Dal libro “Il silenzio sugli innocenti” di Luca Mariani sui fatti accaduti in Norvegia nel 2011 è tratto il lavoro che sarà in scena al Binario di Cotignola l’8 febbraio. Intervista alla regista Serena Sinigaglia

Utoya Mattia Fabris Arianna Scommegna FotoSerenaSerrani

(Foto SerenaSerrani)

Venerdì 8 febbraio al teatro Binario di Cotignola alle 21 uno spettacolo con Arianna Scommegna e Mattia Fabris che trae spunto dalla cronaca recente per aprire interrogativi e far riflettere sul presente. Il titolo è Utoya, l’isola in cui il 22 luglio 2011 l’allora trentenne Anders Breivik uccise in un’ora e mezza 67 ragazzi tra i 14 e i 20 anni che stavano partecipando al campeggio dei giovani laburisti norvegesi, dopo aver fatto esplodere una bomba a Oslo per distrarre l’attenzione. Su quell’evento il giornalista Luca Mariani ha scritto un saggio “Il silenzio sugli innocenti” che, capitato tra le mani della regista Serena Sinigaglia, ha ispirato lo spettacolo.
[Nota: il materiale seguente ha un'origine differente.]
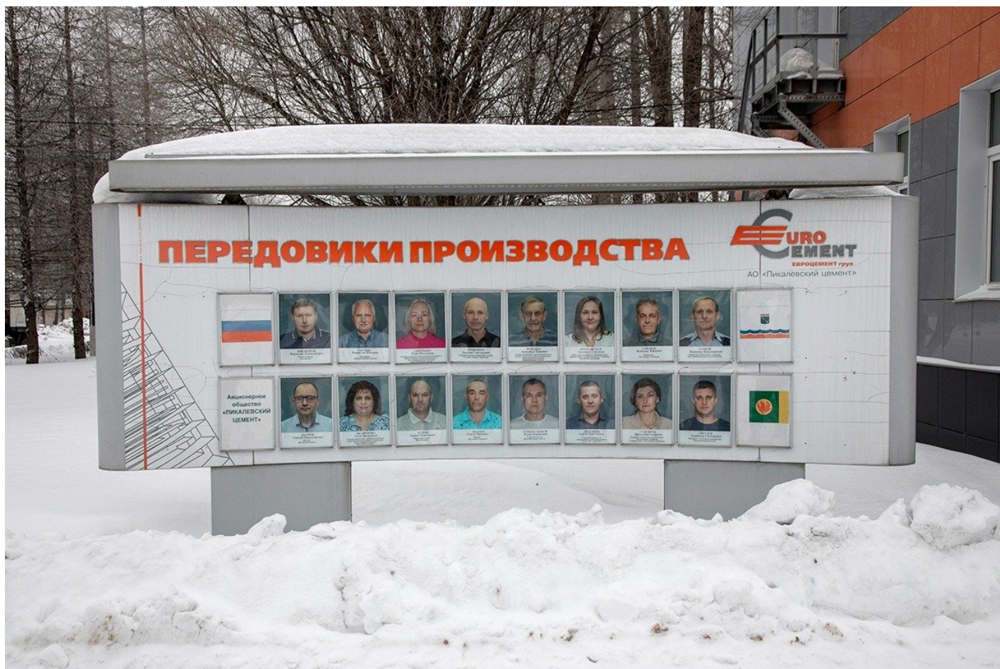
Доска почета Пикалевского цементного завода.

По рассказам рабочих ПГЗ, сегодня самая маленькая зарплата на предприятии — 60–70 тысяч рублей, самая большая — 120–130 тысяч (для сравнения: в 2009 году эти же работники получали от 15 до 30 тысяч в месяц). Сумма складывается из тарифного оклада в зависимости от числа отработанных дней, учитываются разряд и стаж, добавляются переработки, «кормовые», премия. Последние 10 лет тарифы постоянно индексируются.

Serena, come nasce l’idea di uno spettacolo su un fatto così recente?
«Quando mi sono trovata a leggere il libro di Mariani mi sono resa conto che avevo dimenticato quel fatto così grave e così recente e mi sono chiesta come fosse stato possibile. Una strage avvenuta in Norvegia, nel cuore dell’Europa, in un paese che noi consideriamo un modello a cui aspirare. E la risposta è che nella mia coscienza lo avevo, come tanti e anche in ragione di come fu trattato allora da molti media, derubricato al gesto terribile di un folle. Leggere l’inchiesta di Mariani mi ha fatto riflettere come invece quell’episodio abbia anticipato di fatto il viraggio molto netto che stiamo vivendo in Europa e nel mondo verso un populismo piuttosto sinistro. Stiamo assistendo al ritorno di discorsi di violenza, settarismo, a quel giro di boa destrorso di una destra che abbiamo conosciuto nelle sue espressioni più feroci. E assistiamo anche a un indebolimento delle istituzioni democratiche in un sistema che somiglia a quello tirannico».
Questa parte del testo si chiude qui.